Task brief: These records contain pictures, which must be left out; copy exactly the lines from the one with "Jude Bellingham of" up to and including the one with "JET4D KEMENANGAN Starlight".
Records Start Marker
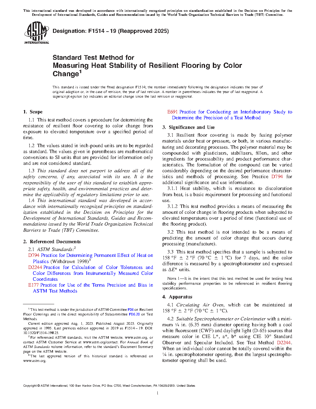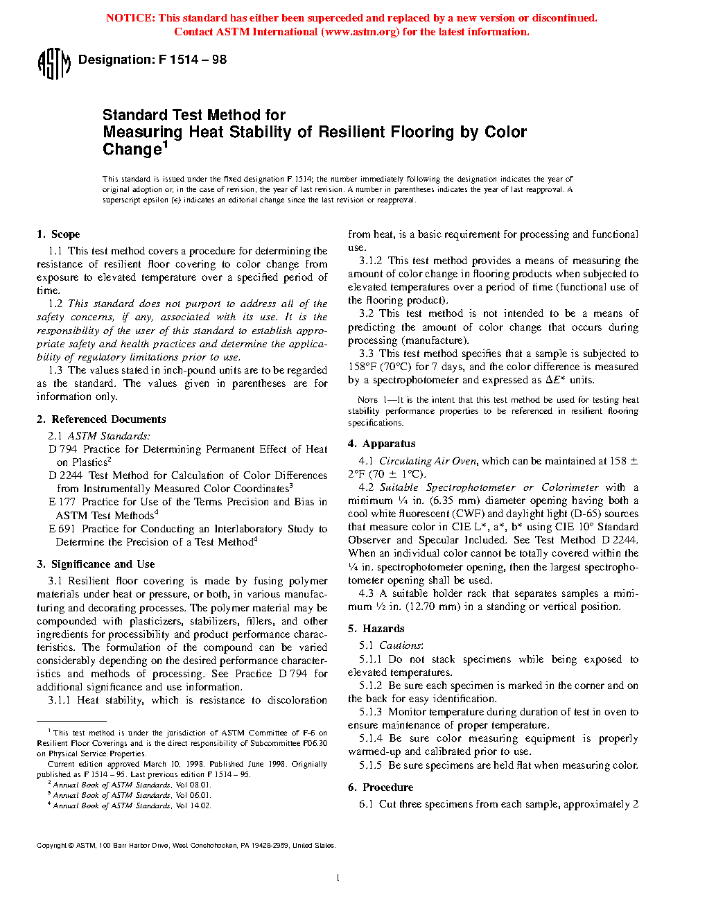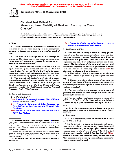 1.1 This test method covers a procedure for determining the resistance of resilient floor covering to color change from exposure to elevated temperature over a specified period of time.
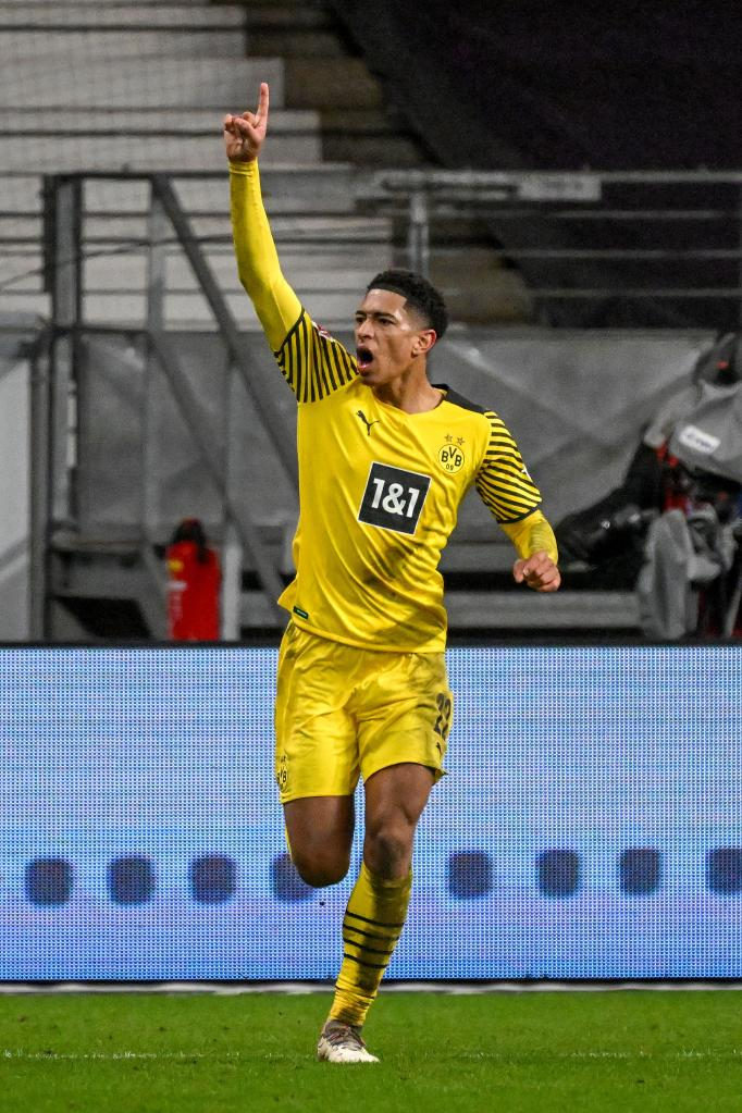 Jude Bellingham of Dortmund celebrates after scoring during the German first division Bundesliga football match between Eintracht Frankfurt and Borussia Dortmund in Frankfurt, Germany, Jan. 8, 2022. (Xinhua)
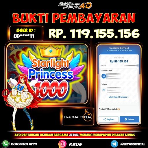 JET4D KEMENANGAN Starlight Princess 1000 Selamat Kepada Member Setia Atas Withdraw Rp 119.155.0156 Hari ini. List member yang sebelumnya mendapatkan withdraw besar bisa cek Disini dan di LINK ini.pelanyanan nonstop
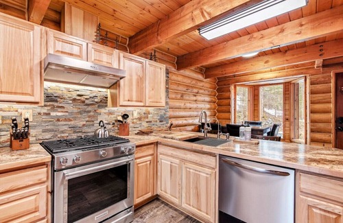 You`ll enter into the cabin through a small arctic entryway that leads to the living room. You`ll see a gas fireplace in front of you. From the couch, you can read a book or watch TV on the 55` television with access to Netflix, Hulu, or Disney+.
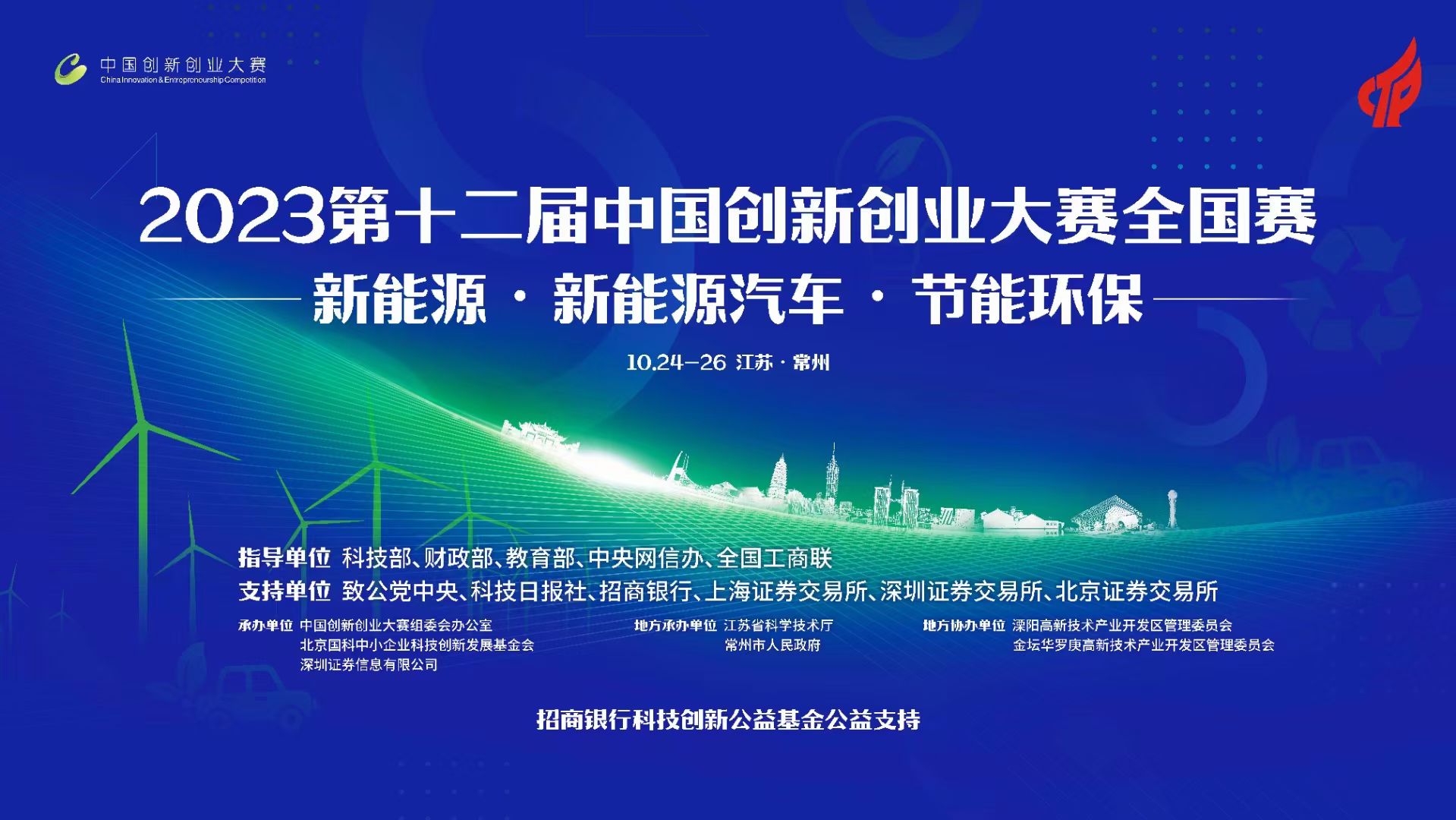 10月24日-26日,2023第十二屆中國(guó)創(chuàng)新創(chuàng)業(yè)大賽新能源、新能源汽車、節(jié)能環(huán)保全國(guó)賽在江蘇常州舉辦。
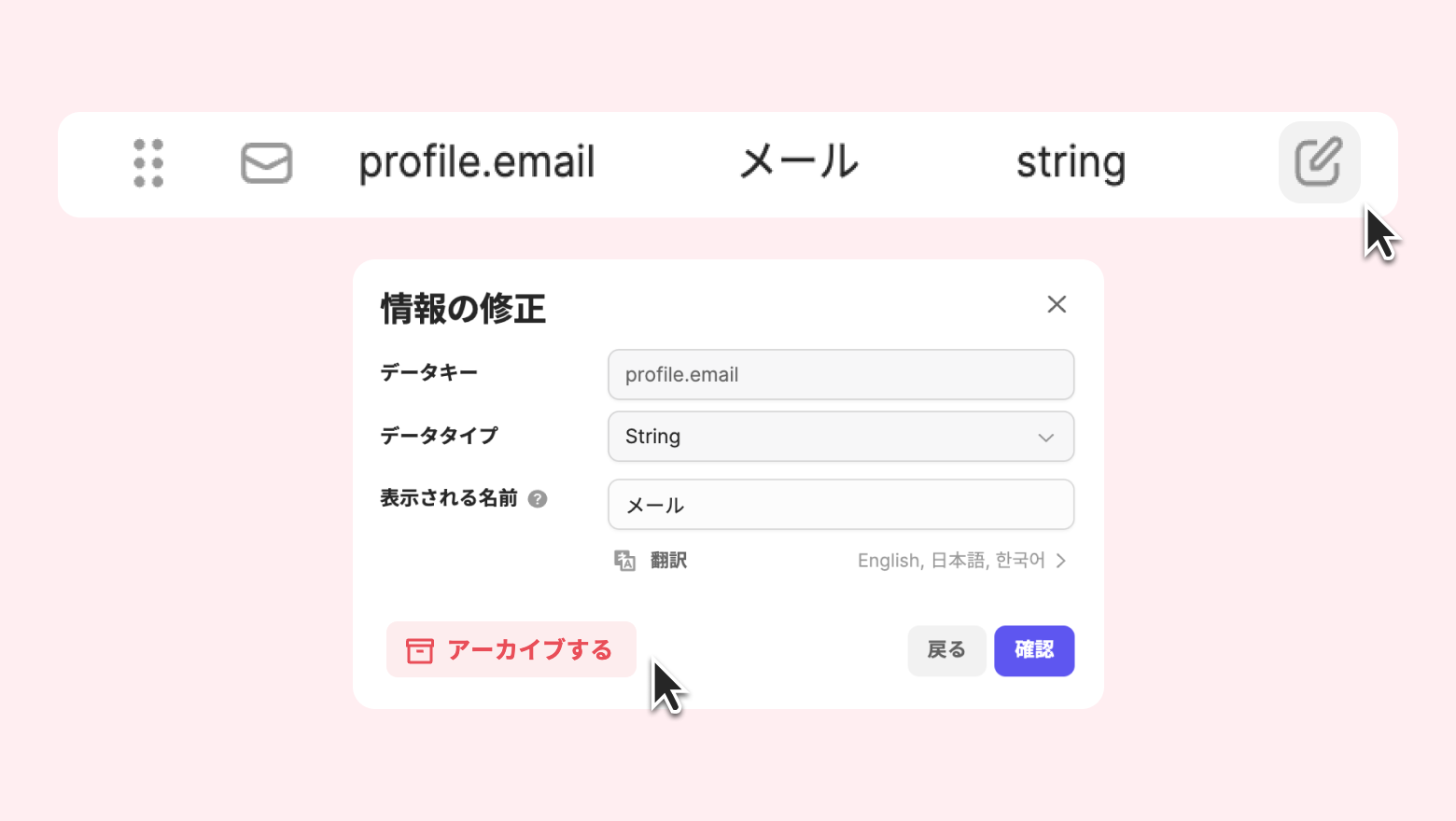 顧客プロフィール情報のアーカイブ:顧客プロフィール情報リストには無効な形で残っているが、データが収集されず、連絡先管理や顧客プロフィールから確認できない。
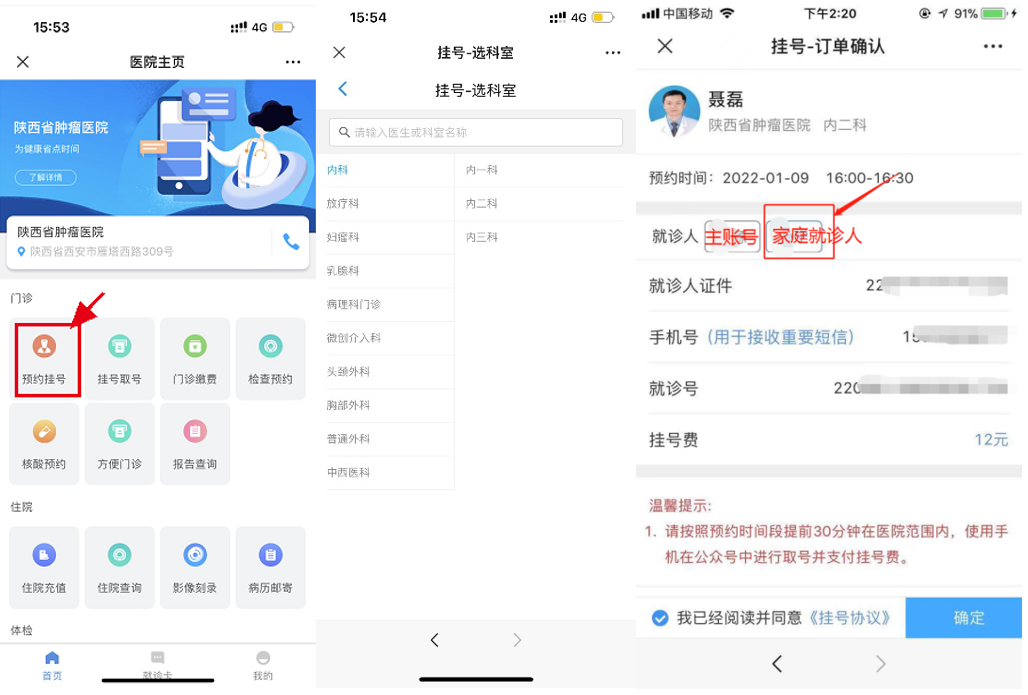 注意:在最后选择就诊人应选择对应家庭就诊人名字。
Records End Marker
Task response:
 Jude Bellingham of Dortmund celebrates after scoring during the German first division Bundesliga football match between Eintracht Frankfurt and Borussia Dortmund in Frankfurt, Germany, Jan. 8, 2022. (Xinhua)
 JET4D KEMENANGAN Starlight Princess 1000 Selamat Kepada Member Setia Atas Withdraw Rp 119.155.0156 Hari ini. List member yang sebelumnya mendapatkan withdraw besar bisa cek Disini dan di LINK ini.pelanyanan nonstop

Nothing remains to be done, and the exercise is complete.